You are a data steward at a bank. You are concerned that multiple records in the customer account tables might contain the same information. The duplicate records might represent data entry errors, or they might represent fraudulent customer activity.
You define the following process to find the duplicate records and to identify a single preferred version of each set of records:
You ask a developer to configure one or more mappings to identify the duplicate records.
The mappings calculate a set of numeric scores that represent the levels of duplication between the data values in the records. High scores indicate duplicate records, and low scores indicate unique records. Some records have marginal scores that indicate that the duplicate status of the records is uncertain.
The developer configures an additional mapping that reads the numeric scores. The developer adds the mapping to a workflow that includes a Mapping task and a Human task.
The Mapping task runs the mapping. The Mapping task writes the records to different tables based on the scores that they contain.
The Human task distributes the records with marginal scores to tasks that you and other users can open in the Analyst tool.
You log in to the Analyst tool, and you open a task.
The Analyst tool organizes the records in a series of clusters. Each cluster contains two or more records that contain similar information. By default, the first record in a cluster is the preferred record.
Open a cluster, and analyze the records that it contains.
You perform the following actions in each cluster:
You examine the data values in each column of record data. You select the most accurate value in each column and promote the value to the preferred record.
You can edit the values that you select, and you can search for records that contain common values in other clusters.

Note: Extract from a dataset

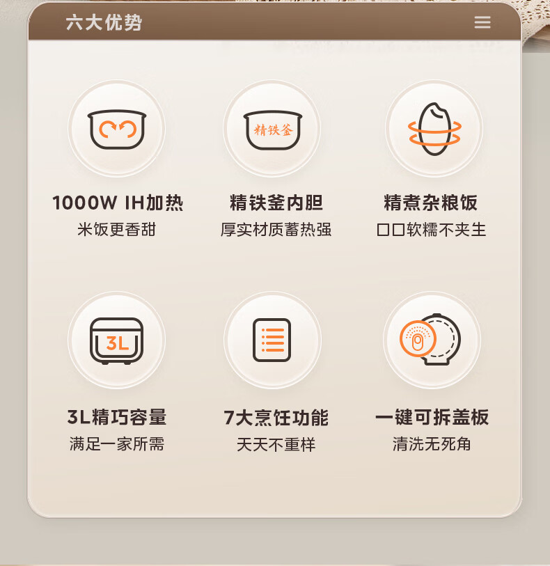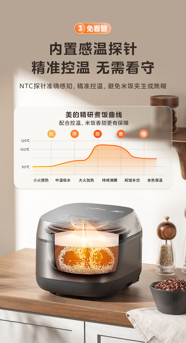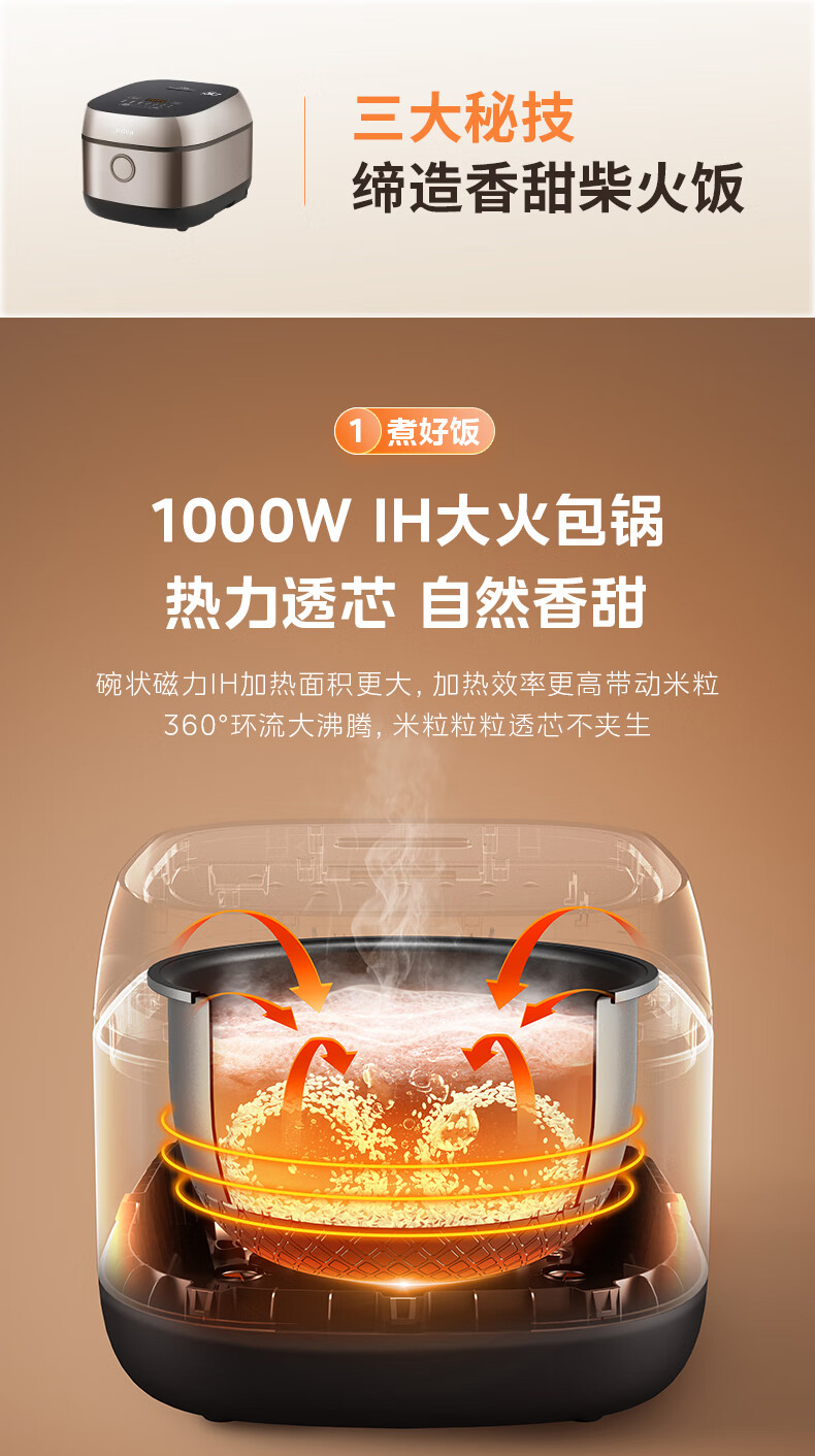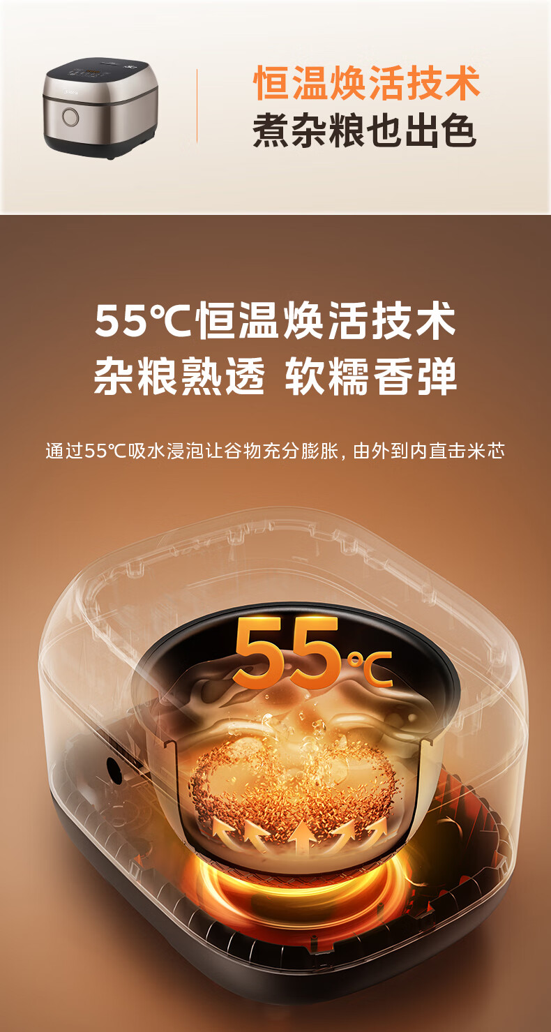 美的(Midea)电饭煲3L IH加热 加厚精铁釜内胆杂粮饭2-3人多功能家用智能预约电饭锅MB-HC370

If a record does not belong in the current cluster, you move it to another cluster or you create a cluster for the record.
You update the cluster status to indicate that you reviewed the cluster. You complete the task when you verify the current preferred record in every cluster.
Before you update a record, verify that the task is open in edit mode. To enter edit mode, click the
Edit
button in the open task.
When you finish work on all of the clusters in the task, you update the task status. The task status indicates that the records are ready for the next stage in the data quality process.
The next stage for the data depends on the configuration of the Human task. For example, the Human task might include additional steps that assign the clusters to other users for review.
When the Human task completes, the next stage of the workflow begins.